- **Directions for this task**:
Copy exactly the lines of the data below, beginning with the line with "Number of downloads" and ending with the line with "Типсы молочного цвета". Pictures are to be omitted.

═══ Data ═══

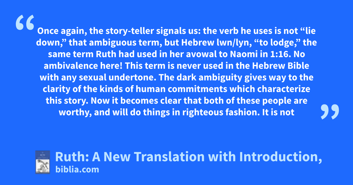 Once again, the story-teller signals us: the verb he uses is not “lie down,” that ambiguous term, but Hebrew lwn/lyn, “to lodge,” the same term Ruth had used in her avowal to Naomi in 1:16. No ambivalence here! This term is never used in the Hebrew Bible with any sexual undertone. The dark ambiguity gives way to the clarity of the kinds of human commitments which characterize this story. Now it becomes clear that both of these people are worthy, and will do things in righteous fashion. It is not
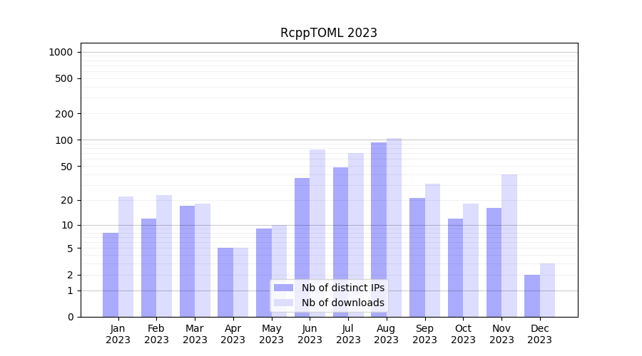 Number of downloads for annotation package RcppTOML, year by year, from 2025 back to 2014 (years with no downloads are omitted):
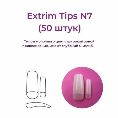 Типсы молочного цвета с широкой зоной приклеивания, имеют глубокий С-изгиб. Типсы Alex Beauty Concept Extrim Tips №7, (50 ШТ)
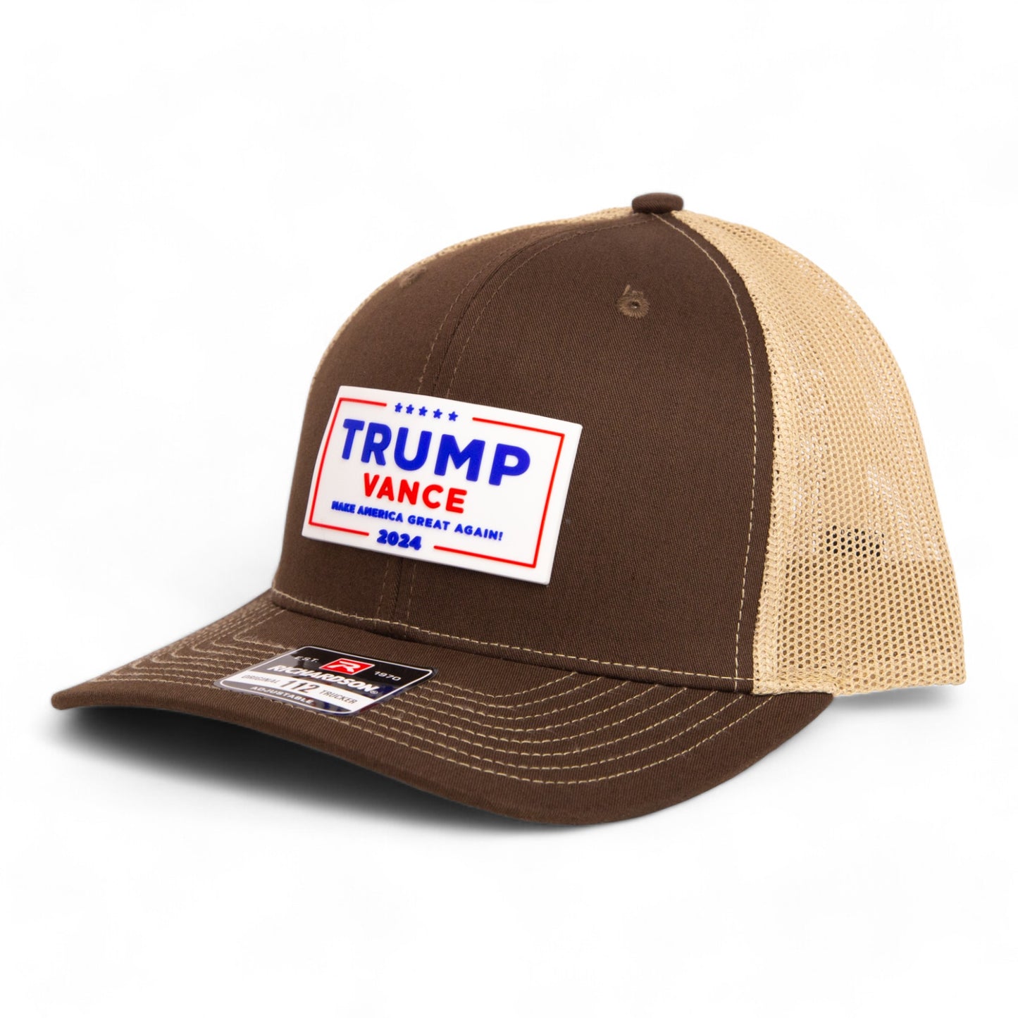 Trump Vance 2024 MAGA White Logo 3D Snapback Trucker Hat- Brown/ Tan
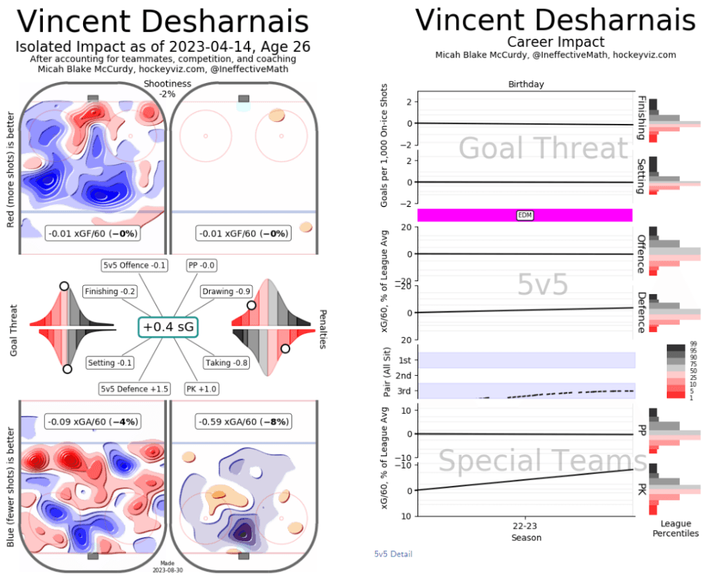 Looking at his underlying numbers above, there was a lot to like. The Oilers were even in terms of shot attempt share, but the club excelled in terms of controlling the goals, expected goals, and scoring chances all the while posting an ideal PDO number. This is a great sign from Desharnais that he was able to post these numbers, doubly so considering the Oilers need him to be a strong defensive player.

═══

- **Exercise answer**:
 Number of downloads for annotation package RcppTOML, year by year, from 2025 back to 2014 (years with no downloads are omitted):
 Типсы молочного цвета с широкой зоной приклеивания, имеют глубокий С-изгиб. Типсы Alex Beauty Concept Extrim Tips №7, (50 ШТ)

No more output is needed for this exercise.